BCPNN is a neural network model reminding somewhat about Bayesian descision trees which are being used within artificial intelligence systems. As a neural network the BCPNN is rather different from backprop (BP) and other gradient methods. The learning process in BCPNN is based upon calculations of probabilities and dependencies which is often a more or less straight forward process compared to the usually time consuming iterative gradient methods. The interpretation of weight values in a BCPNN is also rather easy compared to interpretation of the weight values within a network which is trained by gradient methods.
When we say process modelling here, this refers to function approximation. A function in the general sense may be considered a spatio-temporal outcome of a spatio-temporal input. Function approximation in this sense is somewhat more complex than the modelling we do in this thesis, as we don't deal with time in those paper where we discuss process modelling.

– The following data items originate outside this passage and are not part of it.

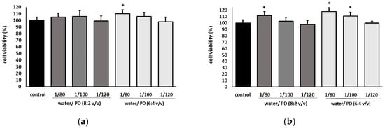 Effect of the different dilutions of water/1,3-propanediol extracts from blackcurrant seed residues on cell viability determined by the NR (a) and MTT (b) assays expressed as a % of control (0.5% of 1,3-propanediol in medium). The data are means ± SD (n = 3). One-way ANOVA followed by Dunnett’s post hoc test was conducted; the differences were considered significant at p ≤ 0.05. * indicates statistically significant difference. PD—1,3-propanediol.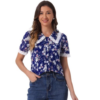 Allegra K Women's Summer Floral Chiffon Tie V Neck Ruffled Short Sleeve Shirt Medium Blue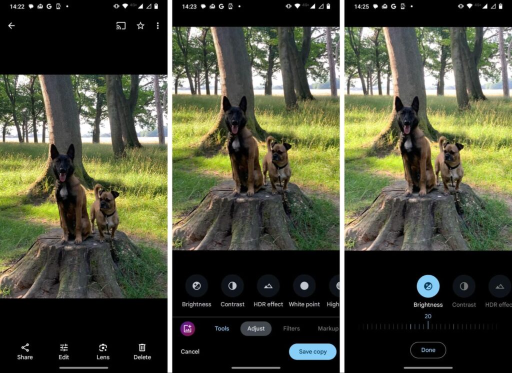 Google Photos, der ofte er forudinstalleret på Android-enheder, er en utrolig brugervenlig app, selvom dens primære formål er backup. Den tilbyder tilstrækkelige værktøjer til almindelig billedredigering, herunder hurtige justeringer af lys, beskæring og anvendelse af filtre. Dine redigerede billeder kan nemt tilgås på tværs af dine enheder via din Google-konto.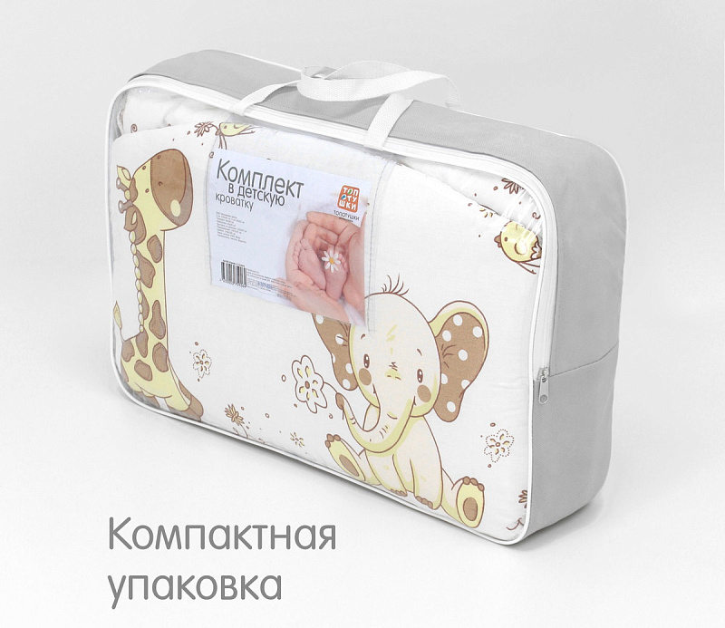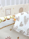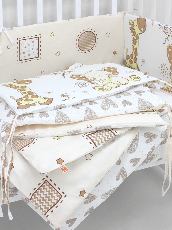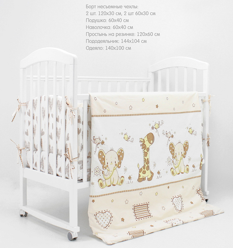 - роскошный комплект с дизайнерскими принтами в виде забавных зверят - слоника и жирафа - обязательно понравится вашему малышу. Обратите внимание на тыльную сторону пододеяльника и бортиков, которые обладают принтом в виде сердечек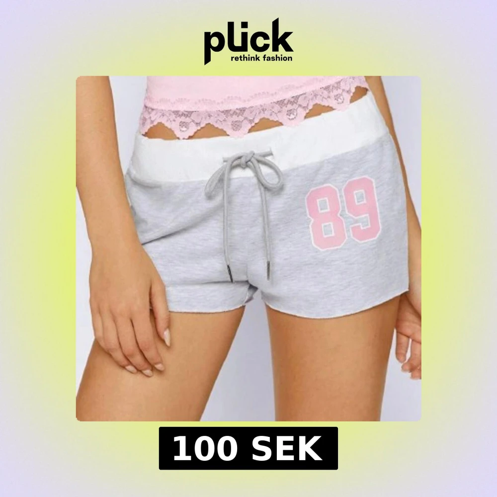 Snygga grå shorts med vit midja och snörning framtill. På ena benet finns ett rosa tryck med siffran 89. Perfekta för chill dagar eller träning. Mjukt material som känns skönt mot huden och ger en avslappnad vibe.
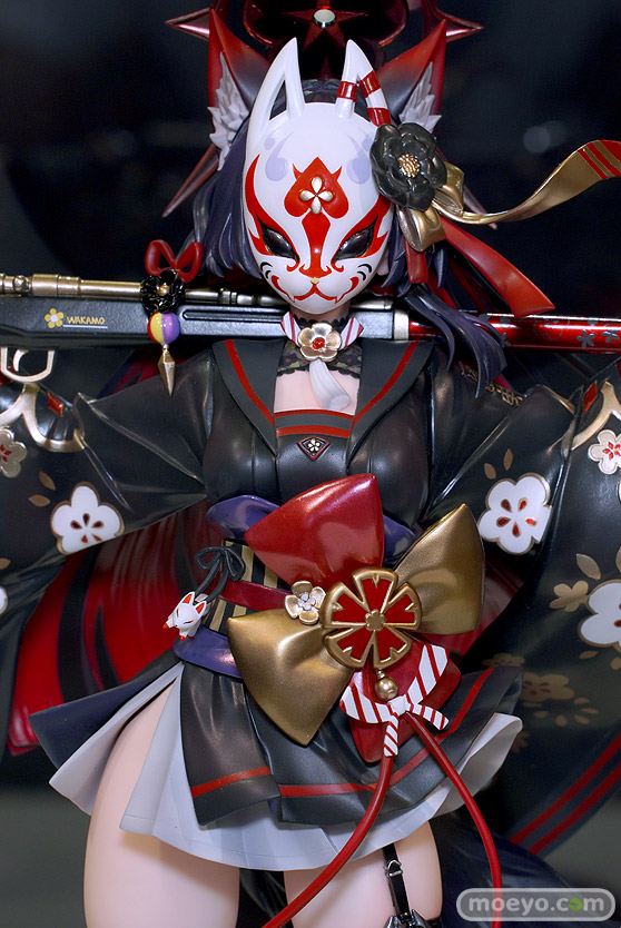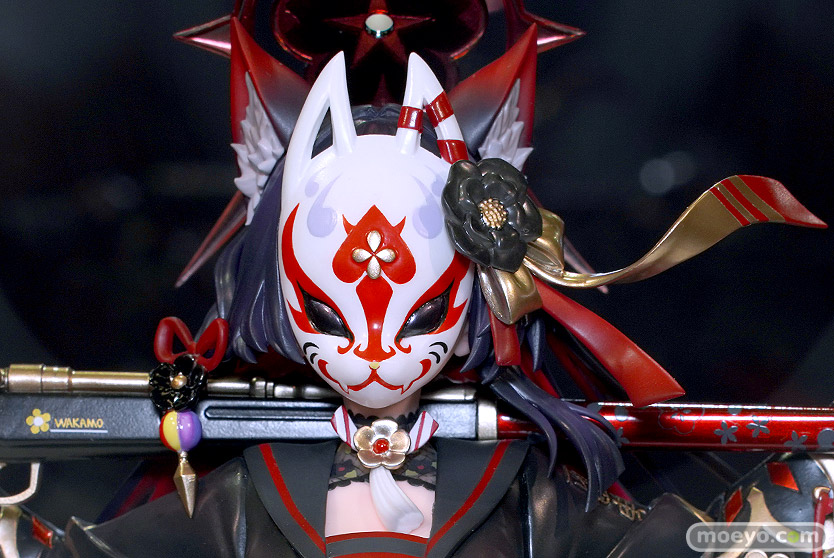 ネオンマックスの新作美少女フィギュア「ブルーアーカイブ-Blue Archive- ワカモ」が予約受付開始!『人気ゲーム『ブルーアーカイブ-Blue Archive-』よりワカモが1/7スケールフィギュアで登場!細かい装飾や華やかなデザインを忠実に再現し、耳の先から尻尾の先まで丁寧に仕上げました!差分パーツとして、お面を外した通常顔の他にハート目のお顔もございます!』というもので、原型制作はムタさん。デザイン/イラストはNAMYOさん。彩色は緋色(scarlet)さん。社内監修は古月さん。「ワンダーフェスティバル2023 [夏] 」の会場で展示されていた彩色サンプルの様子を、画像レビューとしてお伝えします!

To give a glimpse of the BCPNN being able to deal also with time there are two papers included where we deal with some temporal aspects of BCPNN.
The most important results found in this thesis can be
summarized in the following:
We show how a Bayesian Neural Network can be extended to model
the uncertainties in the collected statistics to produce outcomes
as distributions from two different aspects: uncertainties induced
by sampling, which is useful for data mining; uncertainties
due to input data distributions, which is useful for process modelling.
We show how complex dependencies can be found within large
data sets but still avoiding combinatoric explosion.
We show how these techniques have been turned into a useful tool
for real world applications within the drug safety area in particular.
We compare some results of the BCPNN technique with the well
established non linear regression technique, BP (back prop networks),
for processing modelling, showing that the
BCPNN performs at least equally well, but provides extra
information about uncertainties of produced outcomes.
We present a simple but working method for doing automatic
temporal segmentation of data sequences.
We indicate some aspects of temporal tasks for which
a predictive Bayesian neural network may be useful. Showing how
the connection matrix can be reduced due to
regularities in the data.